The problem was, I didn't know where to find him. Thanksgiving break started tomorrow, which meant no school for four days. The library would be closed. I'd helped him get that job specifically so he'd have a safer, quieter place to work, but now that advantage had turned into an obstacle—without the library open, I had no idea where he'd be.
I knew he lived in Southie. I knew his mom worked at The Happy Patty, that awful restaurant with the greasy owner who treated his employees like garbage. I knew Kieran probably had to pick up extra shifts during the break because his family needed the money, especially with Lily's medical expenses.

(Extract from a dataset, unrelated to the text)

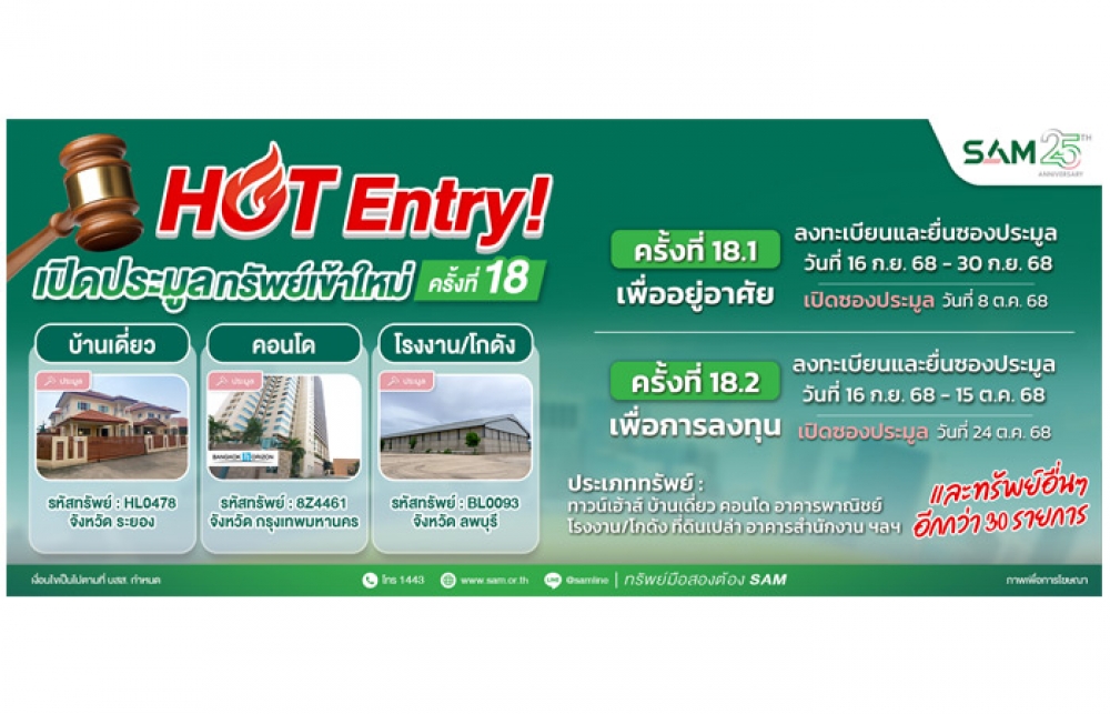 ทั้งนี้ ผู้สนใจเข้าร่วมประมูลสามารถลงทะเบียนและยื่นซองประมูล พร้อมเอกสารประกอบการประมูลที่กำหนด โดยทรัพย์เพื่อที่อยู่อาศัยและเพื่อการลงทุน ราคาไม่เกิน 20 ล้านบาท (ครั้งที่ 18.1/2568) ภายในวันที่ 30 ก.ย. 2568 และกำหนดเปิดซองประมูลวันที่ 8 ต.ค. 2568 ส่วนทรัพย์ที่มีราคาสูงกว่า 20 ล้านบาท (ครั้งที่ 18.2/2568) ภายในวันที่ 15 ต.ค. 2568 และกำหนดเปิดซองประมูลวันที่ 24 ต.ค. 2568 เวลา 10.00 น. เป็นต้นไป ที่สำนักงานใหญ่ SAM อาคารซันทาวเวอร์ส ถ.วิภาวดีรังสิต กรุงเทพฯ หรือสอบถามรายละเอียดเพิ่มเติมได้ที่ Call Center 1443 และดูรายละเอียดทรัพย์สินได้ทางเว็บไซต์ที่

But I couldn't just show up at The Happy Patty. That would be insane. That would be crossing every boundary he'd tried to set, invading his space in the most intrusive way possible.
I needed a reason. A legitimate reason to be in his neighborhood, to run into him naturally, to create an opportunity for him to talk to me if he wanted to without forcing him into anything.
That's when I remembered what Mia had mentioned last week—a tutoring center near MIT called Quantum Tutoring. She'd been looking into it for herself, trying to boost her physics grade, and she'd said it was only one subway stop from Southie.
I pulled up their website. They were open during Thanksgiving week, offering intensive review sessions for students preparing for midterms. The sessions were expensive—$150 per hour—but that didn't matter. What mattered was that if Kieran was working somewhere in that area, if he was picking up shifts at another restaurant or doing some kind of delivery job, there was a chance I might see him.
It was a long shot. It was probably stupid. But it was the only idea I had.
I clicked on the registration form and started filling it out, my hands still trembling slightly.